§ WHAT THE TASK REQUIRES
The answer must be only the lines below from the one holding "高市早苗或成日本首个女首相周一开盘,日经指数大涨近4%。" down to the one holding "Ensuring safety is", ends included, printed exactly; please omit all pictures.

§ RECORDS PROVIDED
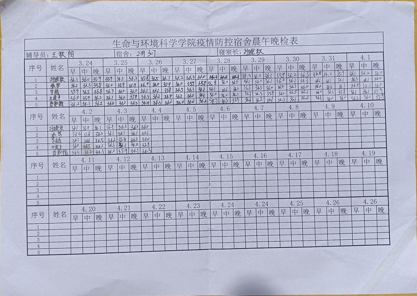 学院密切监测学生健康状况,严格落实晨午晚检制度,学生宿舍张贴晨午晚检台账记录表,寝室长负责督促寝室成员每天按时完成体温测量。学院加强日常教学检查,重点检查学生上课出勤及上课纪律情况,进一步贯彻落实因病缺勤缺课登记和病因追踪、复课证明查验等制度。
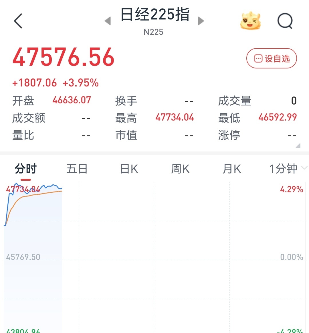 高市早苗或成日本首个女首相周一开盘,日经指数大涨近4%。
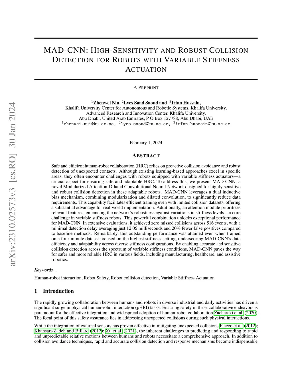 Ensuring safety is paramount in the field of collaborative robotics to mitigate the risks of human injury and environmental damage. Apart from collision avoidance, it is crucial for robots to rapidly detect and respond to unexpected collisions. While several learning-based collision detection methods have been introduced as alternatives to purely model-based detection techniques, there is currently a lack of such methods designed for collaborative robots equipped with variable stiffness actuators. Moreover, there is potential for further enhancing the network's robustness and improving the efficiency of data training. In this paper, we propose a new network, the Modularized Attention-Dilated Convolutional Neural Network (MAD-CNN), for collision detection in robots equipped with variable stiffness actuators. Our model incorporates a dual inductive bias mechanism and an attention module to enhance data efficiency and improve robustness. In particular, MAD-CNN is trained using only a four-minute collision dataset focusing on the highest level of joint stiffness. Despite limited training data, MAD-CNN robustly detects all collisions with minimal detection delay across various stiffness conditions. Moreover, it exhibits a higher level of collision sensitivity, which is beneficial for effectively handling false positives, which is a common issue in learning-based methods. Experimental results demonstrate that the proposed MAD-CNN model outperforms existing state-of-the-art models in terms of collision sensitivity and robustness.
==
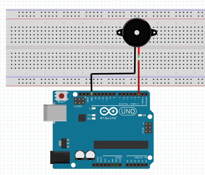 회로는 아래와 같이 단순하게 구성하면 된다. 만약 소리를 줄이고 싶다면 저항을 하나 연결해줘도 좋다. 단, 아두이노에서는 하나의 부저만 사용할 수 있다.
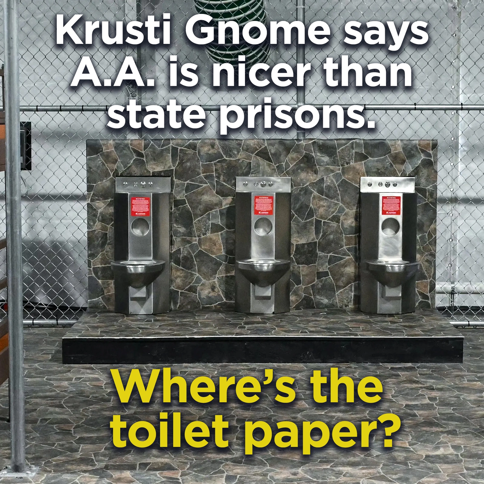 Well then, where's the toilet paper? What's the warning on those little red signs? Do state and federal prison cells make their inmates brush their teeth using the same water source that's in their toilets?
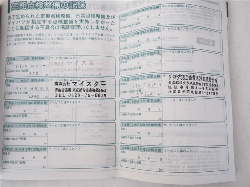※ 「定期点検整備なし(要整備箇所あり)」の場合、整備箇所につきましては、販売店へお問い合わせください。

§ TASK RESULT
 高市早苗或成日本首个女首相周一开盘,日经指数大涨近4%。
 Ensuring safety is paramount in the field of collaborative robotics to mitigate the risks of human injury and environmental damage. Apart from collision avoidance, it is crucial for robots to rapidly detect and respond to unexpected collisions. While several learning-based collision detection methods have been introduced as alternatives to purely model-based detection techniques, there is currently a lack of such methods designed for collaborative robots equipped with variable stiffness actuators. Moreover, there is potential for further enhancing the network's robustness and improving the efficiency of data training. In this paper, we propose a new network, the Modularized Attention-Dilated Convolutional Neural Network (MAD-CNN), for collision detection in robots equipped with variable stiffness actuators. Our model incorporates a dual inductive bias mechanism and an attention module to enhance data efficiency and improve robustness. In particular, MAD-CNN is trained using only a four-minute collision dataset focusing on the highest level of joint stiffness. Despite limited training data, MAD-CNN robustly detects all collisions with minimal detection delay across various stiffness conditions. Moreover, it exhibits a higher level of collision sensitivity, which is beneficial for effectively handling false positives, which is a common issue in learning-based methods. Experimental results demonstrate that the proposed MAD-CNN model outperforms existing state-of-the-art models in terms of collision sensitivity and robustness.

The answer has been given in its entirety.